Полет до Акарота занял чуть больше оборота, за это время я успел окончательно взять себя в руки и остудить голову. Крыс, как всегда, повыкобенивался перед сычом Блэка первые лучей двадцать, но, не найдя в нем достойного соперника, вскоре угомонился.
Меланхоличный Ветер лишь пару раз безразлично глянул в сторону фаруна и спокойно уступил небо, держась на три корпуса позади. Блэк хранил молчание, а я размышлял.
Размышлял над поведением Софи. Казалось, была в ее действиях и смене настроений какая-то странная, необъяснимая последовательность, закономерность. Надо все-таки самому еще раз поговорить с Лукасом. Неужели перестройка организма идет так долго?
Неужели она настолько влияет на эмоциональное состояние?
Я попытался вспомнить, как сам вел себя в период вхождения в полную силу, как реагировал на окружающих и они на меня. По всему выходило, что я вел себя немногим лучше, чем Софи сейчас. Я тоже бесился, заводился с полуслова и полувзгляда, резко поменялись вкусы в еде и одежде, очень много времени проводил за тренировками с волками, чтобы хоть как-то выплескивать чрезмерную энергию, кипела кровь и сила. Я тогда мог спокойно покрыть льдом весь дворец и его окрестности, устроить зиму посреди лета просто от того, что было скучно. Именно в тот период Владимир начал меня опасаться, начал видеть во мне соперника. Сколько это продолжалось?

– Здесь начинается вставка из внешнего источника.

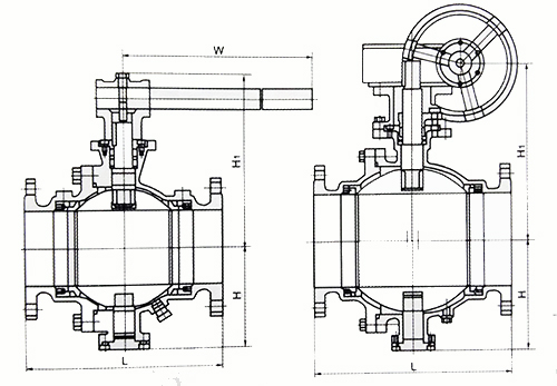 產(chǎn)品介紹 一、Q347F 蝸輪固定式法蘭球閥--概述: Q347蝸輪固定式法蘭球閥,球體帶有固定軸的球閥,稱為固定球閥。固定球閥主要用于高壓大口徑。根據(jù)閥座密封圈的安裝不同,固定球閥可以有兩種結(jié)構(gòu):球體前密封的閥座,球體后密封的閥座Q347H、Q347F硬密封固定球閥廣泛用于石油、天然氣、煤炭和礦石的開采、提煉加工和管道輸送系統(tǒng)中;化工產(chǎn)品、醫(yī)藥和食品生產(chǎn)中;水電、火電和核電的電力生產(chǎn)系統(tǒng)中;城市和工業(yè)企業(yè)的給排水、供熱和供氣系統(tǒng)中。 二、Q347F 蝸輪固定式法蘭球閥--結(jié)構(gòu)簡圖:

Около двух лет? Но со мной постоянно работали маги и Епифания. Меня учили, объясняли, пытались сдерживать, а Софи…
Твою мать!
Мне срочно нужна Заклинательница. Любая. Вообще любая ведьма. Потому что, если судить по мне, то происходящее сейчас с девушкой — это только начало.
Очередной писк Крыса заставил дернуться в седле и вынырнуть из раздумий. Мы подлетали. Темные нрифтовые стены Акарота отчетливо виднелись впереди, я уже мог разглядеть стражу и окошки на первом этаже. Тюрьма стояла на небольшом острове в Стеклянном море, безжизненном и пустынном, по суше до него можно было добраться только два раза в день: во время отлива появлялась узкая тропа, по которой с трудом, но все же могла пройти конная процессия с четырьмя заключенными. Это место всегда было отстойником. Здесь доживали свои дни самые безумные и самые опасные. Ну, или, как в случае с Кирашем, сумевшие меня разозлить. Нередко первые два условия сочетались с третьим.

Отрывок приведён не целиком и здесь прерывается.